* [Required work]
Return the listing below unchanged, minus its pictures.

* [Dataset excerpt]
^^^^

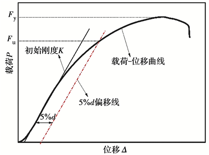 选取螺栓直径、主构件厚度及端距为试验因素进行正交试验设计(表 2),共16个试验组,每组试验重复数为3,共计48个试样。试样加载前,在节点试样两侧分别安装位移计(型号为DDP-20A)后,按ASTM D5652要求进行单轴压缩试验,并将两侧安装的位移计实测均值作为各个螺栓节点试样的实测位移。试验采用30 T微机控制万能力学试验机(型号为WDW-300E),以1 mm/min的速度实施单轴匀速加载(图 2),直至节点试样破坏或承载力下降至80%的最大载荷,便可停止加载。每个试样加载历程约持续15 min,加载过程中采用静态应变采集仪(型号为TDS-530)实时采集载荷和位移数据,并采用美国木结构设计规范NDS-2005规定的5%螺栓直径偏移法获取节点的屈服载荷,节点承载载荷峰值点所对应的载荷即为极限载荷,具体取值方法详见图 3。最后,采用Origin软件,根据曲线的几何特征作图,获取每一节点试样的Foshci理论模型参数P、Δ、M0、M1及k(图 4)后,再基于Foshci理论模型各参数之间的数学关系(式1),利用Origin软件绘制出每一节点试样的Foshci曲线图。
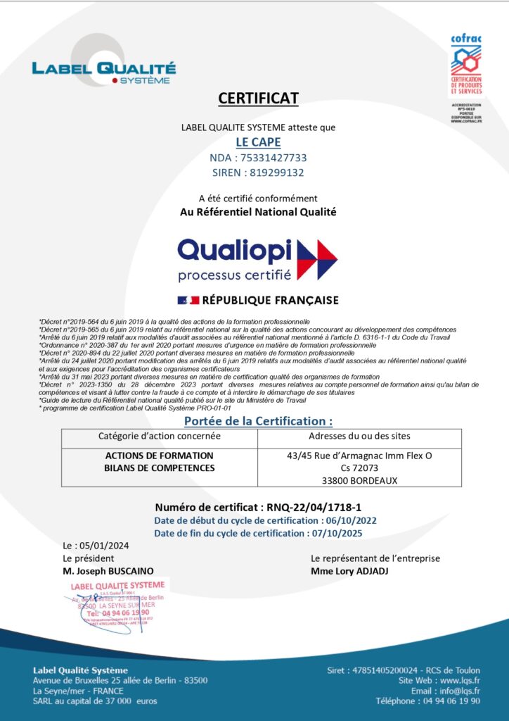 Résultats Qualité OF Le Cape
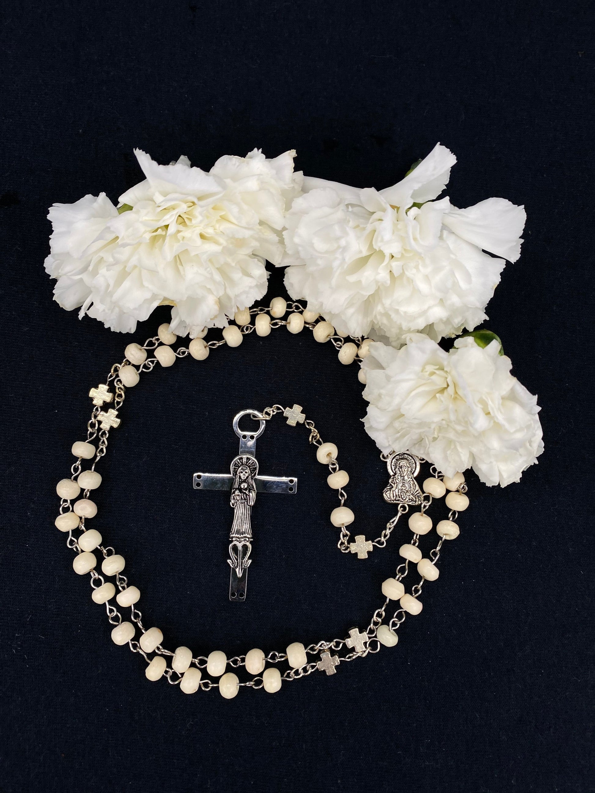 Santa Muerte Blanca Rosary with Bone Beads & Santa Muerte Cross + Sterling Silver Plated Chain + Handcrafted + Rosario

^^^^

* [Result for this exercise]
 选取螺栓直径、主构件厚度及端距为试验因素进行正交试验设计(表 2),共16个试验组,每组试验重复数为3,共计48个试样。试样加载前,在节点试样两侧分别安装位移计(型号为DDP-20A)后,按ASTM D5652要求进行单轴压缩试验,并将两侧安装的位移计实测均值作为各个螺栓节点试样的实测位移。试验采用30 T微机控制万能力学试验机(型号为WDW-300E),以1 mm/min的速度实施单轴匀速加载(图 2),直至节点试样破坏或承载力下降至80%的最大载荷,便可停止加载。每个试样加载历程约持续15 min,加载过程中采用静态应变采集仪(型号为TDS-530)实时采集载荷和位移数据,并采用美国木结构设计规范NDS-2005规定的5%螺栓直径偏移法获取节点的屈服载荷,节点承载载荷峰值点所对应的载荷即为极限载荷,具体取值方法详见图 3。最后,采用Origin软件,根据曲线的几何特征作图,获取每一节点试样的Foshci理论模型参数P、Δ、M0、M1及k(图 4)后,再基于Foshci理论模型各参数之间的数学关系(式1),利用Origin软件绘制出每一节点试样的Foshci曲线图。
 Résultats Qualité OF Le Cape
 Santa Muerte Blanca Rosary with Bone Beads & Santa Muerte Cross + Sterling Silver Plated Chain + Handcrafted + Rosario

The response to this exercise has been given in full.